Abstract

Since a binding-time analysis determines how an off-line partial evaluator will specialize a program, the accuracy of the binding-time information directly determines the degree of specialization. We have designed and implemented a binding-time analysis for an imperative language, and integrated it into our partial evaluator for C, called Tempo (Consel et al., in: Danvy, Gluck, Thiemann (Eds.), Partial Evaluation, Internat. Seminar, Degstnhl castle, Lectnre Notes in Computer Science, vol. 1110, Springer, Berlin, February 1996, pp. 54–72). This binding-time analysis includes a number of new features, not available in any existing partial evaluator for an imperative language, which are critical when specializing existing programs such as operating system components (Muller et al., Proc. 18th Internat.

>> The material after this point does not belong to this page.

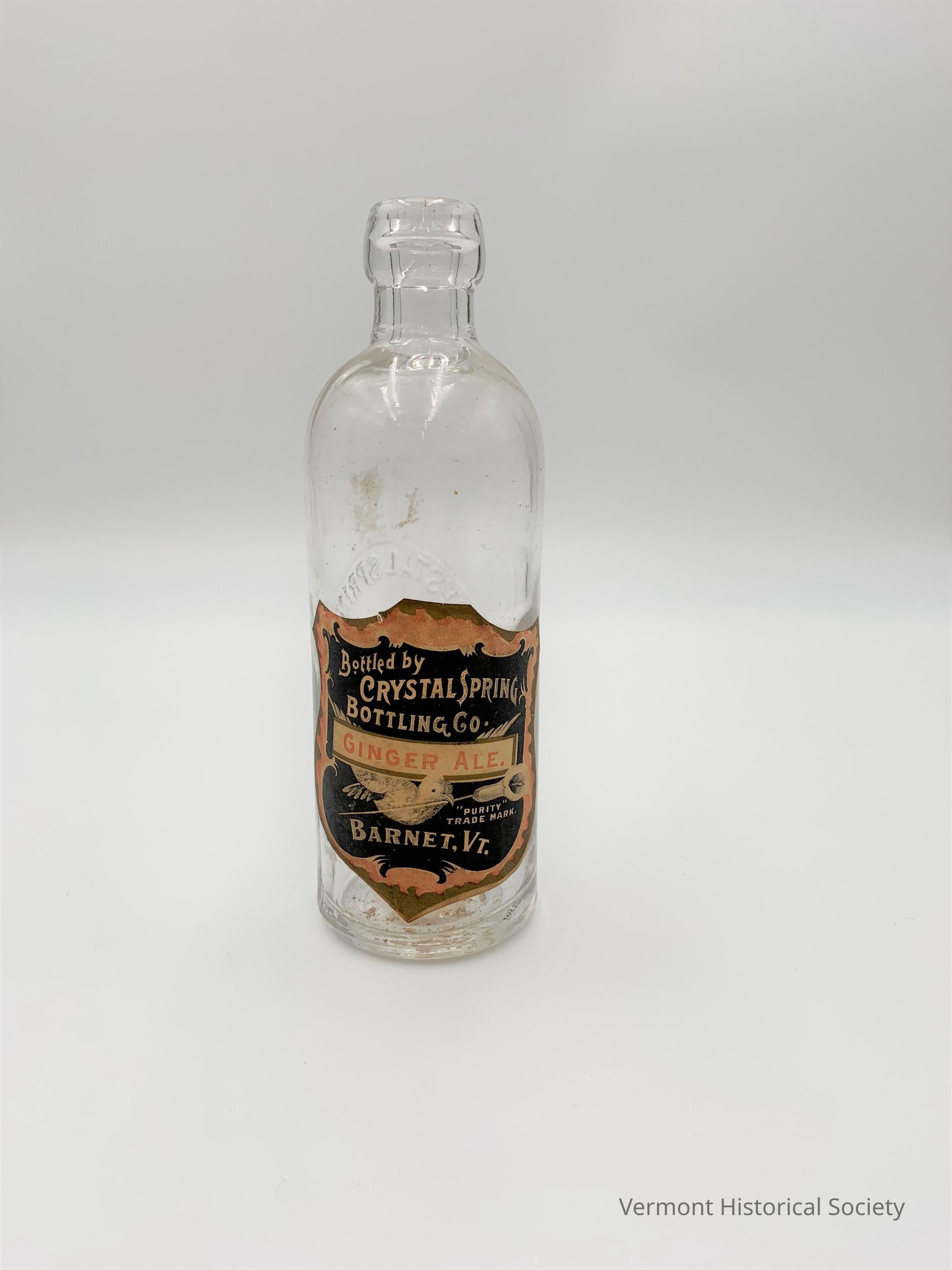 Clear glass soda bottle molded with the inscription, “CRYSTAL SPRINGS BOTTLING CO. BARNET, VT." on one side and a shield-shaped paper label on the other side that reads, "Bottled by CRYSTAL SPRINGS BOTTLING CO. / GINGER ALE / "PURITY" TRADE MARK / BARNET, VT."Acquisition

Conf. on Distributed Computing systems, Amsterdam, Netherlands, IEEE Computer Society Press, Silverspring, MD, May 1998, pp. 240–249; Muller et al., ACM SIGPLAN symp. on Partial Evaluation and Semantics-Based Program manipulation, Amsterdam, The Netherlands, ACM Press, New York, June 1997, pp. 116–125). • Flow sensitivity. A different binding-time description is computed for each program point, allowing the same variable to be considered static at one program point and dynamic at another. • Context sensitivity. Each function call is analyzed with the context of the call site, generating multiple binding-time annotated instances of the same function definition. • Return sensitivity. A different binding-time description is computed for the side-effects and the return value of a function.